According to the Alzheimer’s Association, it's difficult to pinpoint the exact cause of dementia symptoms and there is no single test to diagnose Alzheimer’s. Doctors rely on a combination of clinical evaluation, neuropsychological testing and brain scans.

Other techniques, such as using radioactive tracers in combination with brain scans to look for Alzheimer’s-related plaques in the brain, are only effective at ruling out other causes of dementia. Furthermore, such tests are cost-prohibitive for most people.

“Those texts are extremely expensive,” Lopez said. “So the importance of the blood test is cost. Here you have a technology that can be used for diagnosis at a very low cost.”

The new test looks for the presence of abnormal tau proteins in the blood. Tau proteins are normally present in the healthy nerve cells of the brain, but the distortion of these proteins has been linked to Alzheimer’s disease.

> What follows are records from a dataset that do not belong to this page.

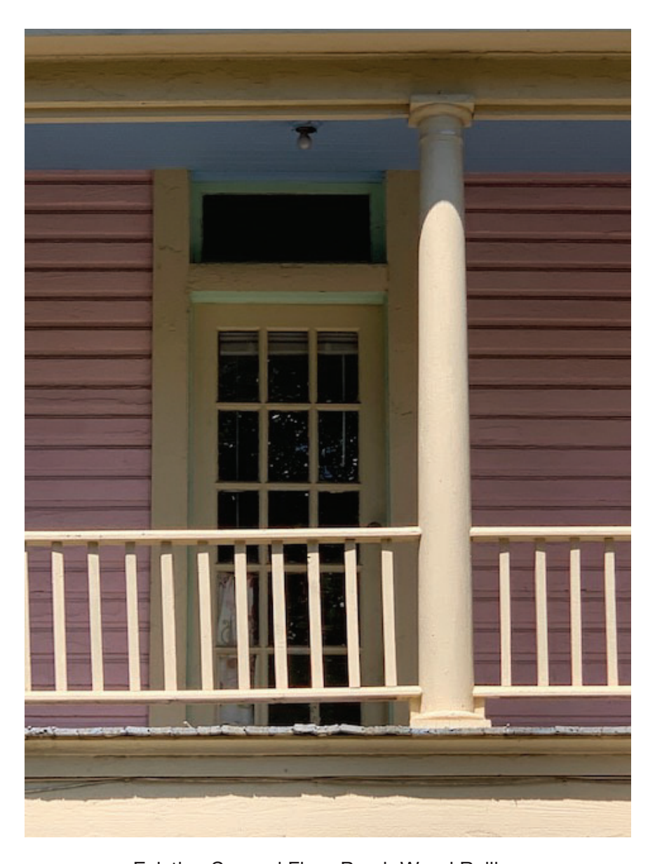
Existing Second Floor Porch Wood Railing
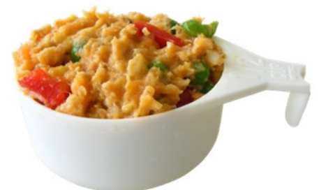
½ cup of vegetables
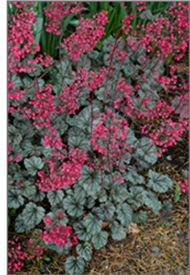
Rave On Coral Bells in bloom

Rave On Coral Bells is recommended for the following landscape applications;
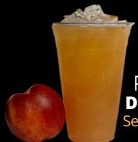
Peach Durazno Seasonal

“People with Alzheimer’s disease have more of this abnormal protein in blood,” Lopez said. “And people with this abnormal protein in blood have decrease volume, or more shrinkage, of the brain in the regions that are normally affected by Alzheimer’s disease.”

Lopez said he and his international colleagues have worked on developing such a test for more than 10 years. The latest study, published in the Journal of Alzheimer’s Disease, had only 60 participants. Lopez said the next step is to test the diagnostic technique with a larger group of patients. Pitt psychiatry professor James Becker also assisted with the research.